• WORK TO COMPLETE:
Provide again, from the entries below, every line from the one containing "LOT: 43406167 VIN: KNDJD733865610392" through the one containing "Nice well stocked", exactly as written, and no other line.

Records from a collection

------

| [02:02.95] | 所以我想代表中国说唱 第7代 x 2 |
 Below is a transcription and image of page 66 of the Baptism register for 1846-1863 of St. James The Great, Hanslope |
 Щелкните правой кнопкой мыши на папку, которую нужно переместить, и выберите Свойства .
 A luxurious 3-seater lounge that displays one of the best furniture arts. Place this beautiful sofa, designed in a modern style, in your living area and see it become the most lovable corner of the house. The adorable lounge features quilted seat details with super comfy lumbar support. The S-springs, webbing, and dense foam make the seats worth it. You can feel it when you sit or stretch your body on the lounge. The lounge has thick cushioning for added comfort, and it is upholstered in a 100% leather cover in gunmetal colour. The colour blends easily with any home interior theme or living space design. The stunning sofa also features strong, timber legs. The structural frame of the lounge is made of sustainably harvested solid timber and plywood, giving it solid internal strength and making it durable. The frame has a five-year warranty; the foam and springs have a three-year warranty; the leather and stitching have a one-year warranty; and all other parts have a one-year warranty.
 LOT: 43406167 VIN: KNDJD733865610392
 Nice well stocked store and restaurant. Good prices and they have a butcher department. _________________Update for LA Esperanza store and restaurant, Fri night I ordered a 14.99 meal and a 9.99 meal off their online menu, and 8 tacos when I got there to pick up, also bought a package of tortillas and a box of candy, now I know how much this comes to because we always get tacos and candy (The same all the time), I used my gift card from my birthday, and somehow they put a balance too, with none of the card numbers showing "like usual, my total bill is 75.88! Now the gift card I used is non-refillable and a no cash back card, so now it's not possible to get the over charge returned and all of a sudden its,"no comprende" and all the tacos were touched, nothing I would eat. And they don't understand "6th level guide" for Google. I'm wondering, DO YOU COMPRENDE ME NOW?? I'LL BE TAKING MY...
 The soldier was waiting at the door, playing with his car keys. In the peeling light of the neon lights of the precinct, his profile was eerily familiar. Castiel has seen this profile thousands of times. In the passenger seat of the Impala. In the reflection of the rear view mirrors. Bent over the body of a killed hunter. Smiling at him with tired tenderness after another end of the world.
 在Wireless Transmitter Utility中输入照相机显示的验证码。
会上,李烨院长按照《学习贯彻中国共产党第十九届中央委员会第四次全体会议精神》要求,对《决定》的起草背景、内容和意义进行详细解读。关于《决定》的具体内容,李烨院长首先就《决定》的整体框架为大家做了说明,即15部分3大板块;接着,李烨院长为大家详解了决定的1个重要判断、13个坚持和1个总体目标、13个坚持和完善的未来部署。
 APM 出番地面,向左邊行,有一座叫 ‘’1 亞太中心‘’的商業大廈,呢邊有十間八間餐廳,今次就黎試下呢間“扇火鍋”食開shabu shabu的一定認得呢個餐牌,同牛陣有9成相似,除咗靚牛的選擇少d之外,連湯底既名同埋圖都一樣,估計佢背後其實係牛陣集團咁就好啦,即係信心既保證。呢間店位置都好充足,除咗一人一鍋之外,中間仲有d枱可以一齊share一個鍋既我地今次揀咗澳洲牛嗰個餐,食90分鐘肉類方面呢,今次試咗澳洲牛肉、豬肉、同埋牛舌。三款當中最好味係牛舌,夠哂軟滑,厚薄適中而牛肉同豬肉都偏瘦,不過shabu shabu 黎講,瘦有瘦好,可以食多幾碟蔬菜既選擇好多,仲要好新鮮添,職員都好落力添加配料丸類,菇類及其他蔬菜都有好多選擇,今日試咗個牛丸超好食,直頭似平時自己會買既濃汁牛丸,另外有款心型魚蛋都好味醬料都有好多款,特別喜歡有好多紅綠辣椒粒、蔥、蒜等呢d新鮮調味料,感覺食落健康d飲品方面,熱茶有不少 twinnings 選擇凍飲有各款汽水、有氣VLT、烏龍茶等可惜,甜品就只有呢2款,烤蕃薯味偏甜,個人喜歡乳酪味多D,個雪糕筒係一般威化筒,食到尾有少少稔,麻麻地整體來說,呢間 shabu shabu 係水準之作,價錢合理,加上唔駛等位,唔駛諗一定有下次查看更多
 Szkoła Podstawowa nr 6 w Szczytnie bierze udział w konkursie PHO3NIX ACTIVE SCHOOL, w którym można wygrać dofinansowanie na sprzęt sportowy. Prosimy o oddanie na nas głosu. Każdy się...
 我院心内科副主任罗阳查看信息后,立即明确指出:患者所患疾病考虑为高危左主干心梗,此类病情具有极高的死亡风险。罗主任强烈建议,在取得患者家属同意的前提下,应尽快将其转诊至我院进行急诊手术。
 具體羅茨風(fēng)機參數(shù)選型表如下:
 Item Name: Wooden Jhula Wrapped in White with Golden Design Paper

------

• RESPONSE TO THE TASK:
 LOT: 43406167 VIN: KNDJD733865610392
 Nice well stocked store and restaurant. Good prices and they have a butcher department. _________________Update for LA Esperanza store and restaurant, Fri night I ordered a 14.99 meal and a 9.99 meal off their online menu, and 8 tacos when I got there to pick up, also bought a package of tortillas and a box of candy, now I know how much this comes to because we always get tacos and candy (The same all the time), I used my gift card from my birthday, and somehow they put a balance too, with none of the card numbers showing "like usual, my total bill is 75.88! Now the gift card I used is non-refillable and a no cash back card, so now it's not possible to get the over charge returned and all of a sudden its,"no comprende" and all the tacos were touched, nothing I would eat. And they don't understand "6th level guide" for Google. I'm wondering, DO YOU COMPRENDE ME NOW?? I'LL BE TAKING MY...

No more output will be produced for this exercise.